Q) What is the new hardware for generative AI? Exp Nvidia is working on a chip for generative AI. Will this be similar to how graphic cards work with AI?
The Nvidia work appears to be primarily focused on process optimization. In many AI workflows there are bottlenecks related to moving data and memory availability between computational steps. Nvidia’s new Grace Hopper system overcomes many of these restrictions, but fundamentally does the same calculations in the same manner as existing GPUs.
Q) Does that mean that it just gets smarter over time as it gathers and improves its answers?
This is true for many, but only to a certain degree. The “more data” approach quickly reaches saturation. If this weren’t the case, Amazon would not still be suggesting that we need to buy one-time items repeatedly. In the case of LLMs, there is also the risk of destructive feedback when consuming generated data. This is highlighted in the key quote from the paper Training on generated data “We find that use of model-generated content in training causes irreversible defects in the resulting models”.
Q) What will be the effects caused by plugins powered by AI? Specifically, plugins implemented in tools we are already using on a daily basis?
To date, there is little research on how such tools change people’s behavior. However, I would suspect that there will be a tendency for people to follow the suggestion for the given task. In this way, output will be homogenized without any guarantee of quality. Keeping track of plugin usage and overall performance becomes particularly important, as suggestion can become a business impacting practice without the normally slow process of normalization and diffusion. Much like we have “viral trends” in social media, the same could happen with business and in a destructive way.
Q) I am new to the world of AI. Besides chatGPT, which other AI model would you recommend? And is there an online AI community that I can join?
ChatGPT, Bing GPT, and GPT4 (all OpenAI/Microsoft) are the industry leaders. Google has Bard, but it’s currently way behind.
Two minute papers on youtube are good for keeping abreast of the recent developments in an easily digestible format.
Q) How quickly do you think AI memory will increase? What are the limiting factors for that cap?
With the introduction of Nvidia’s Grace Hopper system, the combined GPU memory limit for a model has increased from 320GB to 144TB. The limitations are engineering ones, rather than physics at this point, but we are fast approaching that.

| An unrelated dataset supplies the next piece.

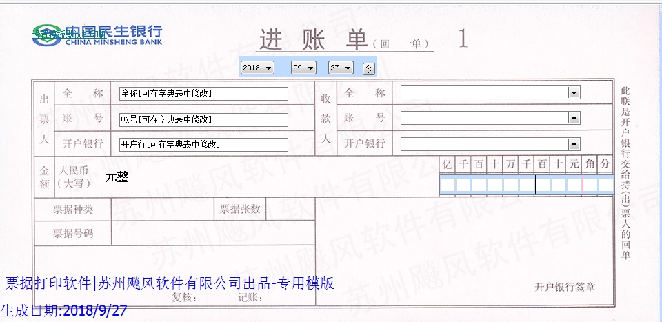 票据打印软件|支票打印软件|民生银行进帐单免费下载

Q) Given the example of an airplane autopilot, and that it is never to be trusted to fly unattended by humans, I am wondering what Saul thinks about self-driving cars, and whether they will ever become a reality in a truly driverless sense, or if there will always be some level of focused, unimpaired human supervision required. I’m also wondering, if human supervision will always be required, how we would keep the humans on the job, as, once the car is mostly driving itself, I’d think it would become even more tempting for the human to get distracted by their phone or take a nap.

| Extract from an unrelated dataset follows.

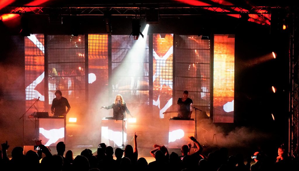 Hellcon Veranstaltungstechnik Stralsund provided Volk with 6 Maverick MK2 Spot, 6 Rogue R2 Wash and 6 Rogue R1 Beam fixtures. These luminaires were hung above the stage to provide the foundation for a lattice of overlapping, music-heightening visuals.

I love this question. People perform wonderfully when they are neither overly stressed nor bored. They are also perfectly happy to do the same task for long periods when in this condition of “flow”. If we can keep people in this flow state then they’re happy to be performing the job and doing it well. So rather than having AI doing the majority of a job–and thus making people feel like napping is the best use of their time–I find the approach of using AI to help people maintain flow to be the most endearing.
I would describe self-driving cars as having a “98% problem”. It’s straightforward–given time and money–to build a self-driving car that 98% of the time will drive significantly better than a human. But for that remaining 2%, it will make undeniably terrible decisions that no human would even consider. We’ve been promised self-driving since 2015, but that 2%–that people can handle so effortlessly–is surprisingly stubborn.